At test time, to see how well the policy exploits what it has learned, we do not add noise to the actions.

You Should Know

Our DDPG implementation uses a trick to improve exploration at the start of training. For a fixed number of steps at the beginning (set with the start_steps keyword argument), the agent takes actions which are sampled from a uniform random distribution over valid actions.
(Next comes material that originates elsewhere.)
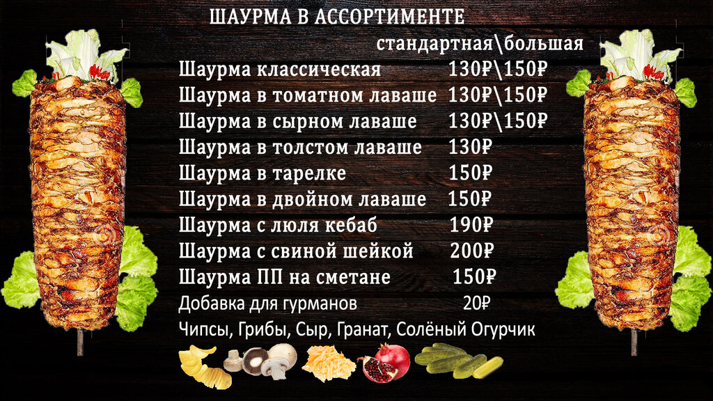 предпочтений. Некоторые ценители шаурмы не признают кроме мяса и соуса никаких

After that, it returns to normal DDPG exploration.

Documentation

spinup.ddpg(env_fn, actor_critic=<function mlp_actor_critic>, ac_kwargs={}, seed=0, steps_per_epoch=5000, epochs=100, replay_size=1000000, gamma=0.99, polyak=0.995, pi_lr=0.001, q_lr=0.001, batch_size=100, start_steps=10000, act_noise=0.1, max_ep_len=1000, logger_kwargs={}, save_freq=1)[source]
Parameters:
  • env_fn – A function which creates a copy of the environment. The environment must satisfy the OpenAI Gym API.
  • actor_critic

    A function which takes in placeholder symbols for state, x_ph, and action, a_ph, and returns the main outputs from the agent’s Tensorflow computation graph:

    Symbol Shape Description
    pi (batch, act_dim)
    Deterministically computes actions
    from policy given states.
    q (batch,)
    Gives the current estimate of Q* for
    states in x_ph and actions in
    a_ph.
    q_pi (batch,)
    Gives the composition of q and
    pi for states in x_ph:
    q(x, pi(x)).
  • ac_kwargs (dict) – Any kwargs appropriate for the actor_critic function you provided to DDPG.
  • seed (int) – Seed for random number generators.
  • steps_per_epoch (int) – Number of steps of interaction (state-action pairs) for the agent and the environment in each epoch.
  • epochs (int) – Number of epochs to run and train agent.
  • replay_size (int) – Maximum length of replay buffer.
  • gamma (float) – Discount factor. (Always between 0 and 1.)
  • polyak (float) –

    Interpolation factor in polyak averaging for target networks. Target networks are updated towards main networks according to:

    \theta_{\text{targ}} \leftarrow
\rho \theta_{\text{targ}} + (1-\rho) \theta

    where \rho is polyak. (Always between 0 and 1, usually close to 1.)

  • pi_lr (float) – Learning rate for policy.
  • q_lr (float) – Learning rate for Q-networks.
  • batch_size (int) – Minibatch size for SGD.
  • start_steps (int) – Number of steps for uniform-random action selection, before running real policy. Helps exploration.
  • act_noise (float) – Stddev for Gaussian exploration noise added to policy at training time. (At test time, no noise is added.)
  • max_ep_len (int) – Maximum length of trajectory / episode / rollout.
  • logger_kwargs (dict) – Keyword args for EpochLogger.
  • save_freq (int) – How often (in terms of gap between epochs) to save the current policy and value function.

Saved Model Contents

The computation graph saved by the logger includes:

Key Value
x Tensorflow placeholder for state input.
a Tensorflow placeholder for action input.
pi
Deterministically computes an action from the agent, conditioned
on states in x.
q Gives action-value estimate for states in x and actions in a.

This saved model can be accessed either by

References

Why These Papers?

Silver 2014 is included because it establishes the theory underlying deterministic policy gradients (DPG). Lillicrap 2016 is included because it adapts the theoretically-grounded DPG algorithm to the deep RL setting, giving DDPG.